Bral C M, Ramos K S
Department of Physiology and Pharmacology, College of Veterinary Medicine, Texas A & M University, College Station 77843, USA.
Mol Pharmacol. 1997 Dec;52(6):974-82. doi: 10.1124/mol.52.6.974.
Previous studies in this laboratory have demonstrated that transcriptional deregulation of c-Ha-ras expression is associated with the induction and maintenance of proliferative vascular smooth muscle cell (SMC) phenotypes by benzo[a]pyrene (BaP). We examined previously undescribed cis-acting elements within the proximal 5' regulatory region of c-Ha-ras (-550 to +220) for their ability to influence BaP-induced transcription in murine SMCs. BaP-inducible DNA binding activity was demonstrated at a site located -30 relative to the major start site cluster at +1 that exhibits extensive homology to a consensus aryl hydrocarbon response element (AHRE), as well as a site located at -543 that contains a consensus electrophile response element (EpRE). In vitro cross-linking studies revealed the specific interaction of 104- and 96-kDa proteins with the putative AHRE and of an 80-kDa protein with the EpRE. The use of monoclonal antibodies to the aryl hydrocarbon receptor transcription factor in competition electrophoretic mobility shift assays indicated this protein is specifically induced by BaP to interact at the AHRE within the c-Ha-ras 5' regulatory region. Transient transfection with an Ha-ras promoter construct containing the putative AHRE but lacking the EpRE linked to the chloramphenicol acetyl transferase reporter gene, followed by challenge with BaP (0.3, 3.0, and 30 microM), revealed transcriptional activation that was not statistically significant. However, insertion of an oligonucleotide composed of the EpRE immediately upstream of basal sequences at -330 was associated with strong activation of transcription by BaP. These data indicate that c-Ha-ras gene expression is modulated by BaP via a complex mechanism that likely involves interactions among multiple regulatory elements. We conclude that c-Ha-ras expression is regulated by BaP at the transcriptional level, a response that may constitute an epigenetic basis of atherogenesis.
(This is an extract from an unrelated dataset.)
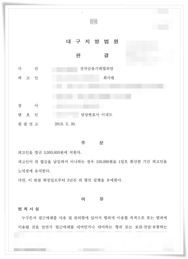 체크카드나 예금통장(계좌) 등을 타인에게 대여하는 행위들은 보이스피싱이나 범죄단체의 불법적인 자금세탁 등에 이용되므로 제3자의 범행을 용이하게 한다는 점에서 피해의 파급력이 매우 크고, 선량한 피해자들을 양산합니다. 따라서 최근 이와 같은 범행에 대해서는 수사기관이나 법원이 특히 엄중하게 처벌을 강화하고 있는 추세이므로 사건의 처리가 상당히 까다로운 사건이었습니다.

本实验室先前的研究表明,c-Ha-ras表达的转录失调与苯并[a]芘(BaP)诱导和维持增殖性血管平滑肌细胞(SMC)表型有关。我们研究了c-Ha-ras近端5'调控区(-550至+220)内以前未描述的顺式作用元件影响BaP诱导的小鼠SMC转录的能力。在相对于主要起始位点簇(位于+1)-30处的一个位点显示出BaP诱导的DNA结合活性,该位点与共有芳基烃反应元件(AHRE)具有广泛的同源性,以及位于-543处的一个位点,该位点含有共有亲电试剂反应元件(EpRE)。体外交联研究揭示了104 kDa和96 kDa蛋白与推定的AHRE的特异性相互作用以及80 kDa蛋白与EpRE的特异性相互作用。在竞争电泳迁移率变动分析中使用针对芳基烃受体转录因子的单克隆抗体表明,该蛋白被BaP特异性诱导在c-Ha-ras 5'调控区内的AHRE处相互作用。用含有推定的AHRE但缺少与氯霉素乙酰转移酶报告基因相连的EpRE的Ha-ras启动子构建体进行瞬时转染,随后用BaP(0.3、3.0和30 microM)刺激,结果显示转录激活无统计学意义。然而,在-330处的基础序列上游紧邻插入由EpRE组成的寡核苷酸与BaP强烈激活转录有关。这些数据表明,BaP通过一种可能涉及多个调控元件之间相互作用的复杂机制调节c-Ha-ras基因表达。我们得出结论,c-Ha-ras表达在转录水平受BaP调控,这种反应可能构成动脉粥样硬化发生的表观遗传基础。